Il 27 giugno Inail, Istat, Inps e Ministero del Lavoro hanno pubblicato in contemporanea la terza Nota congiunta sulle tendenze dell’occupazione. I dati si riferiscono ai primi tre mesi del 2017. Questa pubblicazione è stata commentata con toni piuttosto duri dai portavoce del M5S alle Commissioni Lavoro di Camera e Senato, Sara Paglini e Silvia Chimienti. Vediamo le critiche principali all’operato del governo e i numeri su cui si basano.
1. «Dopo ben 9 anni, l’Italia non ha ancora raggiunto i livelli occupazionali pre-crisi»
Se guardiamo al tasso di occupazione, l’affermazione è corretta. Nel primo trimestre del 2017 aveva un lavoro, in Italia, il 57,6 per cento delle persone tra i 15 e i 64 anni (dati destagionalizzati): ovvero 22,8 milioni di persone.
Negli ultimi dieci anni (2008-2017), si è toccato il minimo nel terzo trimestre del 2013, quando il tasso di occupazione era del 55,4 per cento, e il massimo nel secondo trimestre del 2008, quando si raggiunse il 58,8 per cento. Allora gli occupati erano 23,1 milioni, su una popolazione che era oltretutto un po’ inferiore. Prima dell’inizio della crisi, bisogna tornare al 2005 per trovare tassi di occupazione più bassi di quelli di oggi. Dunque è vero che i livelli occupazionali pre-crisi non sono ancora stati recuperati.
2. «Soprattutto dal 2016, ovvero, dal momento in cui gli sgravi contributivi previsti nel Jobs Act sono stati fortemente ridotti, a crescere sono stati principalmente i contratti a tempo determinato»
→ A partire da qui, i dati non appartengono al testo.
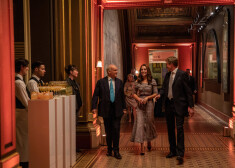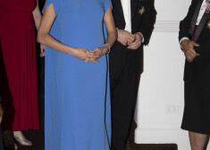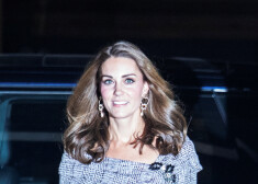 Герцогиня Кембриджская выглядела настоящей королевой вечера в голубом платье от Alexander McQueen, тиаре "Любовный узел" (Cambridge Lover's Knot), которую до нее носила принцесса Диана, жемчужных серьгах принцессы Уэльской и одном из любимых ожерелий королевы Елизаветы II.

Gli sgravi cosiddetti “del Jobs Act” sono stati stabiliti con le leggi di stabilità per il 2015 e per l’anno successivo, ma sono terminati a partire dal 2017. Permettevano alle aziende di fare assunzioni a tempo indeterminato ottenendo forti riduzioni nei contributi previdenziali da versare per quei lavoratori.
Come si vede dai grafici contenuti nella Nota congiunta, mentre per tutto il 2015 i nuovi assunti a tempo indeterminato sono stati molti di più di quelli a tempo determinato, a partire dal secondo semestre 2016 c’è stata un’inversione di tendenza, con il sorpasso delle nuove posizioni lavorative a tempo determinato. Ma nel primo trimestre del 2017 la crescita del tempo indeterminato è tornata a prevalere: +75 mila rispetto a +42 mila.
Su questo punto, insomma, gli esponenti del M5S danno una lettura un po’ semplificata: per prima cosa, il record nelle nuove assunzioni a tempo indeterminato è stato proprio all’inizio del 2016 con +271 mila posizioni lavorative di quel tipo; nell’ultimo trimestre, poi, i lavori a tempo indeterminato sono tornati a crescere di più – in termini assoluti – rispetto a quelli a tempo determinato. È comunque vero che nel secondo, terzo e quarto trimestre del 2016 la crescita maggiore è stata nelle posizioni lavorative a termine e che su questo, anche secondo la Nota, ha avuto un ruolo la fine delle decontribuzioni.
3. «I giovani continuano ad essere la categoria più penalizzata»
I portavoce del M5S dichiarano che «i giovani continuano ad essere la categoria più penalizzata. Sul punto, infatti, bisogna evidenziare il calo tendenziale dello 0,9% (-85 mila unità), proprio nella fascia di persone che hanno fra i 35 ed i 49 anni».
Ma in questa presentazione dei dati c’è un errore. Infatti, come spiega la stessa Nota congiunta, la diminuzione di quanti lavorano tra i 35 e i 49 anni, in numeri assoluti, dipende dal fatto che è tutta la popolazione in quella fascia d’età ad essere calata: «a fronte di un calo di popolazione annuo del 2% – scrive la Nota – la variazione nel numero di occupati è meno intensa (-0,9%), e sarebbe stata positiva (+1,1%) in assenza del calo demografico».L’occupazione tra i 19 e i 34 anni, poi, ha visto un aumento nel primo trimestre del 2017 secondo tutti gli indicatori.
Insomma, è sbagliato interpretare i numeri più recenti come la prova che i giovani continuino ad essere la categoria più colpita dalla crisi, a livello occupazionale.